BEGIN Given records

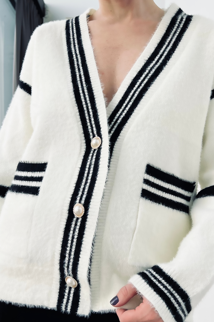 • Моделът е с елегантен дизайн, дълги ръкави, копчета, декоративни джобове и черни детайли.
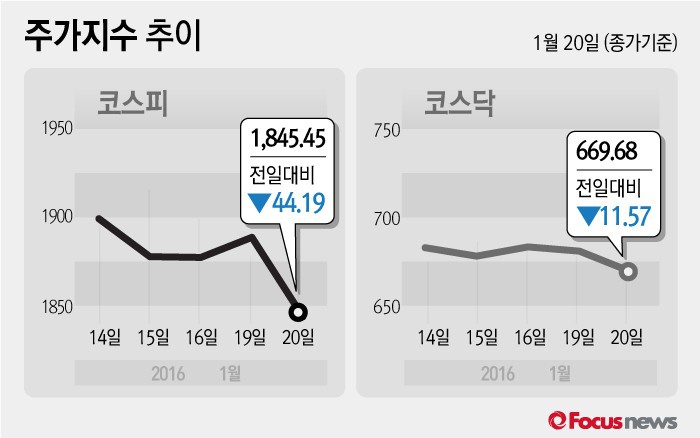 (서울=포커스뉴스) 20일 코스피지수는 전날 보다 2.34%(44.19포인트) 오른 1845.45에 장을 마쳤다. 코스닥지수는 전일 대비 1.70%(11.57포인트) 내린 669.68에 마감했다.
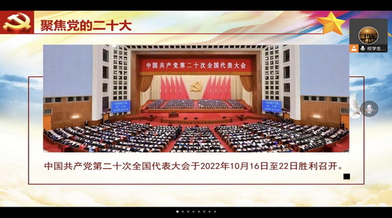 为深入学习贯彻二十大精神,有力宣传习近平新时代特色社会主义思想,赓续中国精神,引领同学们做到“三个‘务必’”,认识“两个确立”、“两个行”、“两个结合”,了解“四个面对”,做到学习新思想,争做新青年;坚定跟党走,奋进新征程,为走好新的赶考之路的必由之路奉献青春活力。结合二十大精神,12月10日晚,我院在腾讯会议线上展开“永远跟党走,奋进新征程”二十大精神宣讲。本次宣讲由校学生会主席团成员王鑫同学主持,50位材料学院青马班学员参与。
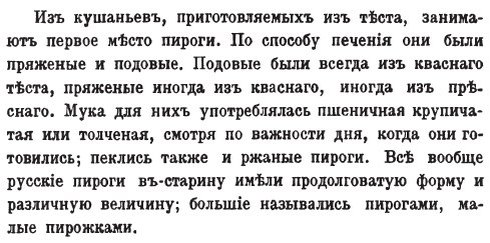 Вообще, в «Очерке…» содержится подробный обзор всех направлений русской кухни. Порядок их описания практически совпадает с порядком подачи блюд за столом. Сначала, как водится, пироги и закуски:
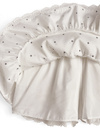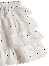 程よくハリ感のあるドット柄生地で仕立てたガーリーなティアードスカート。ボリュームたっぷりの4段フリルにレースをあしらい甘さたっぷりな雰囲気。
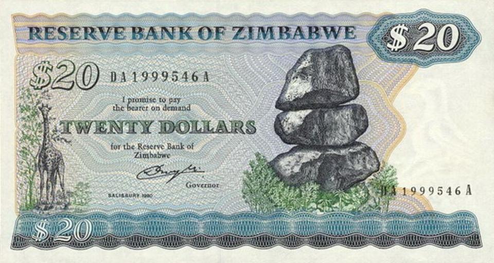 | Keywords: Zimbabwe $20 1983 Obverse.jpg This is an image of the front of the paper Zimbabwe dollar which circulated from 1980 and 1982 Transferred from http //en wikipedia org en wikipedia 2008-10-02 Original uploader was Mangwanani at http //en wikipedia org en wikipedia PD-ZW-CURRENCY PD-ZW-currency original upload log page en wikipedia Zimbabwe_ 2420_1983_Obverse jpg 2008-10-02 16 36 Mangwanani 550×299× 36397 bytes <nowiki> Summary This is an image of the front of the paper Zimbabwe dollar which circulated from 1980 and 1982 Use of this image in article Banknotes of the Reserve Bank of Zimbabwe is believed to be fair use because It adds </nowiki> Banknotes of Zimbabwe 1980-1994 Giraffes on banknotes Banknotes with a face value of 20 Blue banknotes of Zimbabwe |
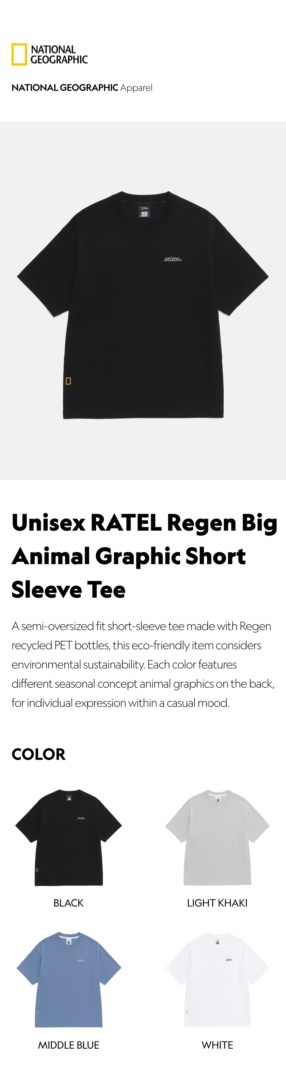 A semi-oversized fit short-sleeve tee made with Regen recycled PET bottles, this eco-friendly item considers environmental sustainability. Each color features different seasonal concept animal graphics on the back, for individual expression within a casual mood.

END Given records

Assigned task ▸ Please return the lines from the line with "содержится подробный обзор" through the last line of the data, both included, exactly, and without pictures.

Worked solution ▸
 Вообще, в «Очерке…» содержится подробный обзор всех направлений русской кухни. Порядок их описания практически совпадает с порядком подачи блюд за столом. Сначала, как водится, пироги и закуски:
 程よくハリ感のあるドット柄生地で仕立てたガーリーなティアードスカート。ボリュームたっぷりの4段フリルにレースをあしらい甘さたっぷりな雰囲気。
 | Keywords: Zimbabwe $20 1983 Obverse.jpg This is an image of the front of the paper Zimbabwe dollar which circulated from 1980 and 1982 Transferred from http //en wikipedia org en wikipedia 2008-10-02 Original uploader was Mangwanani at http //en wikipedia org en wikipedia PD-ZW-CURRENCY PD-ZW-currency original upload log page en wikipedia Zimbabwe_ 2420_1983_Obverse jpg 2008-10-02 16 36 Mangwanani 550×299× 36397 bytes <nowiki> Summary This is an image of the front of the paper Zimbabwe dollar which circulated from 1980 and 1982 Use of this image in article Banknotes of the Reserve Bank of Zimbabwe is believed to be fair use because It adds </nowiki> Banknotes of Zimbabwe 1980-1994 Giraffes on banknotes Banknotes with a face value of 20 Blue banknotes of Zimbabwe |
 A semi-oversized fit short-sleeve tee made with Regen recycled PET bottles, this eco-friendly item considers environmental sustainability. Each color features different seasonal concept animal graphics on the back, for individual expression within a casual mood.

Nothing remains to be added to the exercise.